Дорога была грязная, размокшая от ночных рос, и в валенках хлюпало. Она шла не спеша, поглядывая по сторонам.
Из крайней избы вышла соседка, Матрёна, полная, с красным лицом, в заношенном фартуке.
Увидев Агнию, она приостановилась, прищурилась и громко, на всю улицу, крикнула:
— Агнья, что ж ты такая хмурая с утра? Не выспалась, али жених приснился плохой?
Агния не подняла головы, только тихо ответила:
— Спала, тёть Матрён. Как все.
Но она знала, что за её спиной уже начался шёпот.
Матрёна не умела просто здороваться — ей нужно было смаковать, обсасывать каждую чужую беду, а беда Агнии была на виду: двадцать три года, а до сих пор одна, лицом не вышла, фигура как жердь, и никто за ней не ухаживает.
В деревне таких жалели и одновременно презирали, как бракованный товар.
Агния подошла к колодцу, сбросила ведро вниз, слушая, как оно глухо шлёпает по воде, и стала накручивать цепь на ворот.
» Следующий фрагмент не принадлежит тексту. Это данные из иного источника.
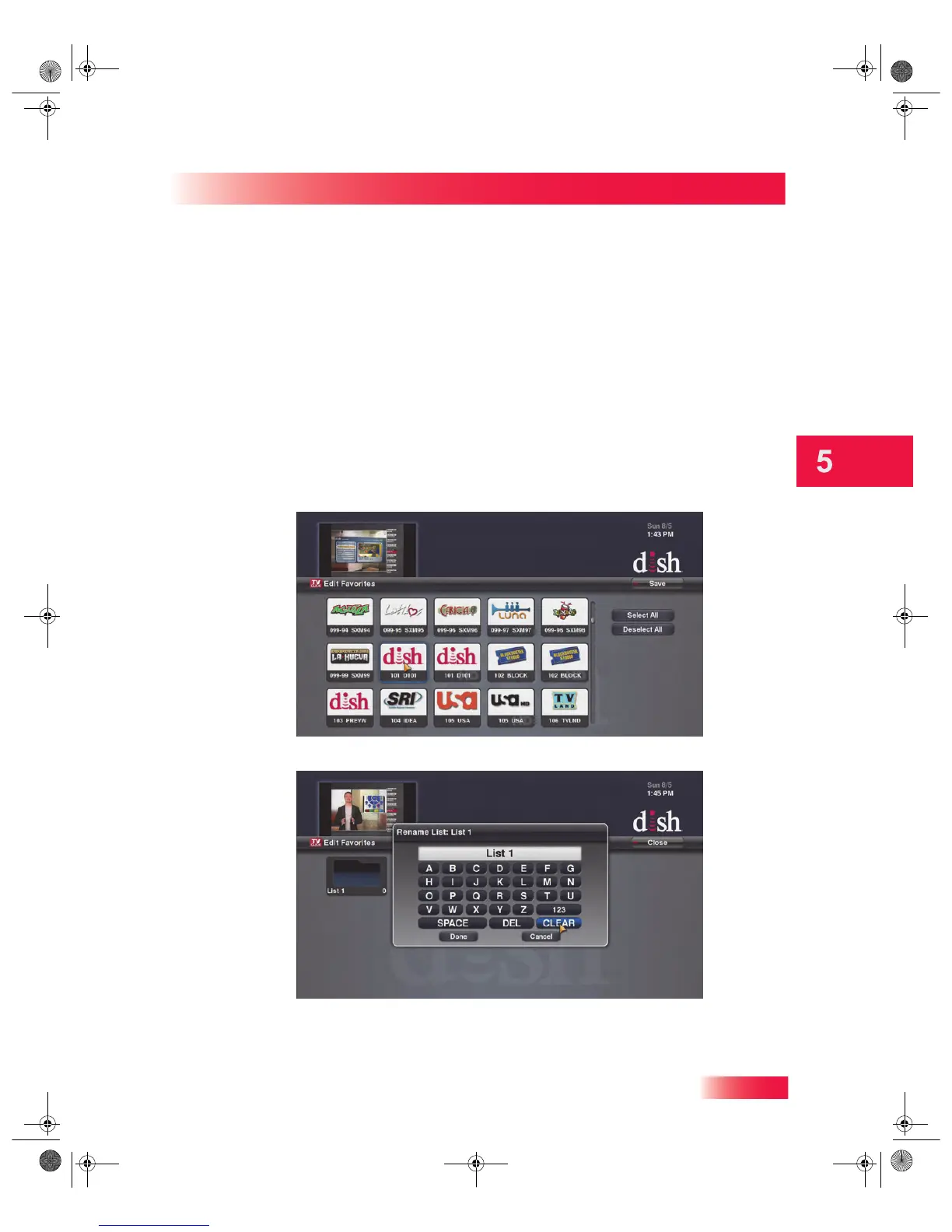 down menu of Favorites Lists on the Program Guide screen. (You can also press MENU,

Руки привычно работали, мозоли не болели — они уже превратились в твёрдую жёлтую кожу, и она почти не чувствовала холода сквозь них. Она была сильной, сильнее многих мужиков в деревне — могла за день перекопать огород, завалить стог сена, наколоть три поленницы дров. Но сила эта была проклятием: мужики побаивались брать такую в жёны, потому что она не будет покорно сидеть у печи, а может и переспорить, и тяжести поднять больше. А бабы завидовали и шептались: «Ишь, мужиком стала».
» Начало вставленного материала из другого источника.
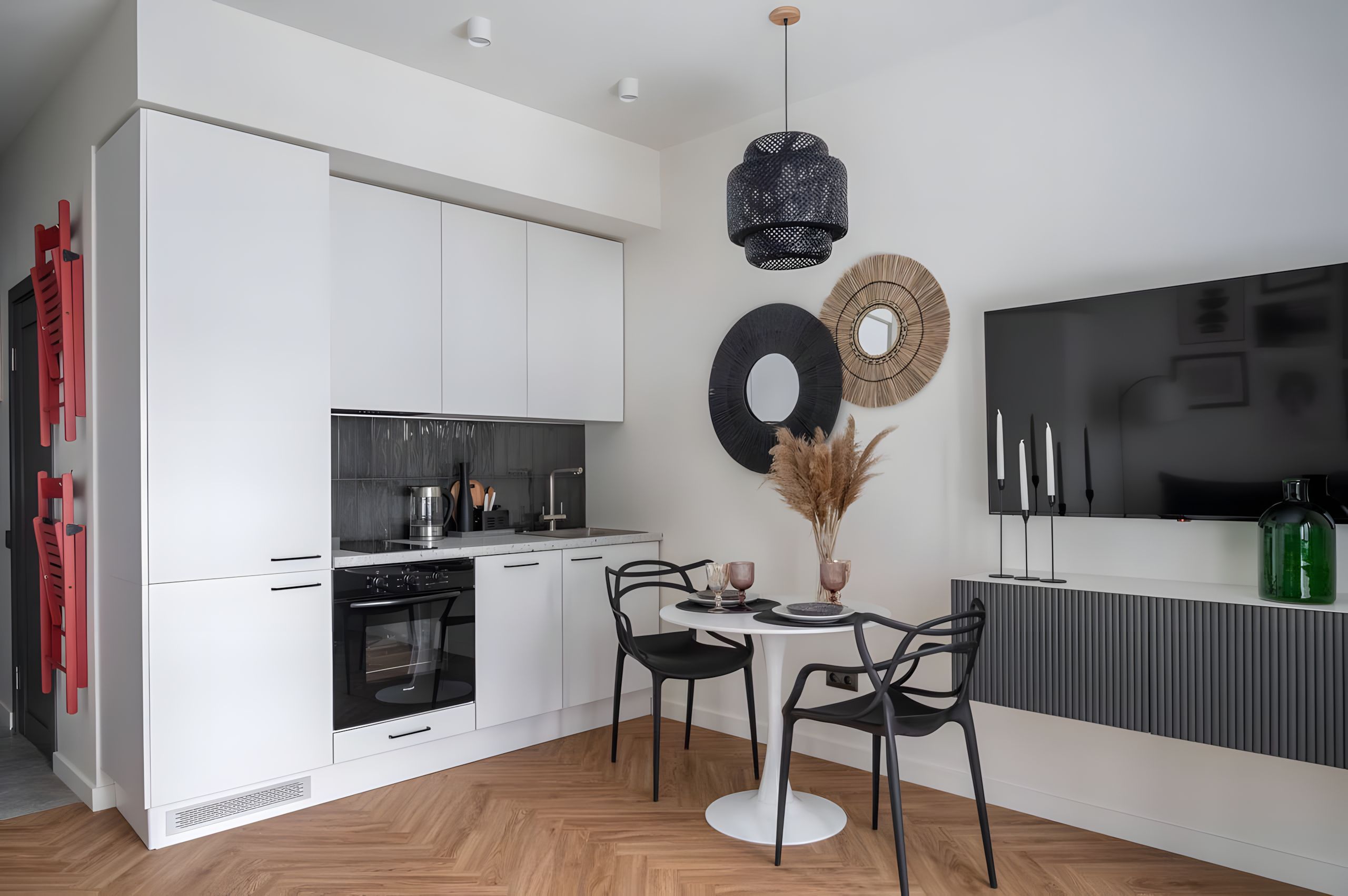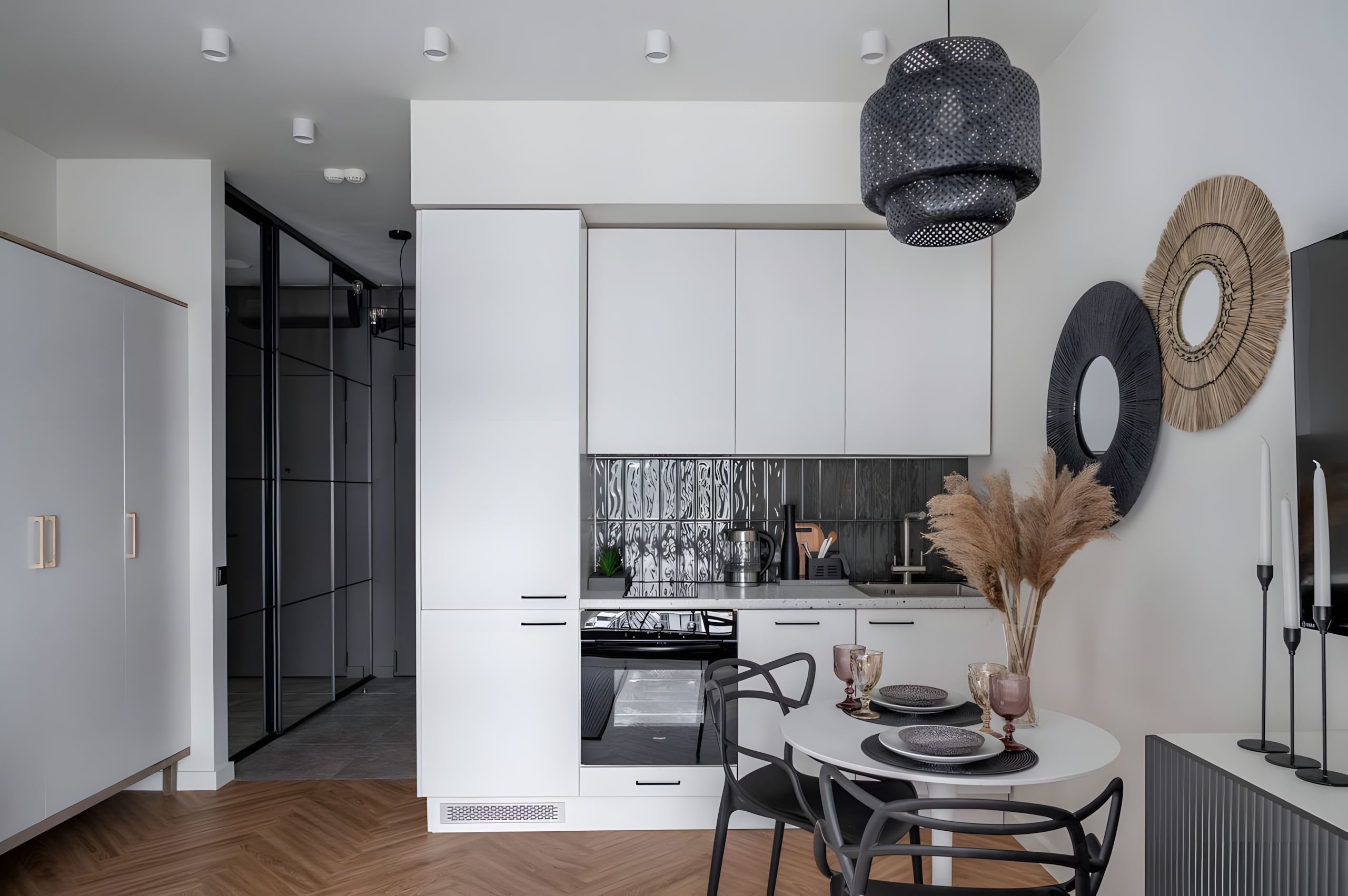 Рекомендуем укомплектовать фасады торцевыми ручками мод. Т-2. Это подчеркнет безупречный стиль вашей современной кухни. Они эргономичны и удобны в использовании. Располагаются так, чтобы не отвлекать на себя внимание от глянцевых фасадов, которые зрительно увеличивают пространство кухонного помещения. Смотрится очень эффектно.

Она подняла два ведра, поставила их на коромысло и пошла обратно. Вода расплёскивалась, тёмные пятна ложились на глинистую дорогу.
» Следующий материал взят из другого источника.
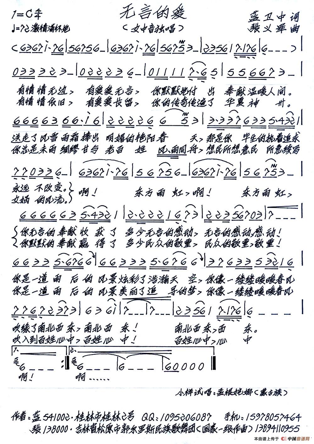 致谢:《中国曲谱网》衷心感谢作者老师馈赠原版歌谱!

Нести воду было тяжело — плечи привыкли к этой тяжести с двенадцати лет, когда бабушка, надорвав спину, слегла на неделю, и всё хозяйство легло на Агнию. С тех пор она не чувствовала себя слабой. Только одинокой.
Дома она переоделась в рабочее — старую мужскую рубаху, перешитую по её росту, и толстые штаны, заправленные в сапоги.
Она не носила платьев — зачем, если никто не смотрит? У зеркала она остановилась лишь на мгновение, взглянула на своё отражение в мутном осколке, прибитом к стене гвоздями.
Лицо — узкое, с высокими скулами, бледное, в веснушках, которые даже к осени не исчезали, а становились только ярче, как будто кто-то рассыпал по щекам гвоздику. Глаза — большие, серые, но без блеска, уставшие. Губы — тонкие, сжатые в нитку. Нос — чуть картошкой, широкий, не женственный. Она знала это лицо так хорошо, что могла нарисовать его с закрытыми глазами, но не могла полюбить. И, вздохнув, она отвернулась — работать.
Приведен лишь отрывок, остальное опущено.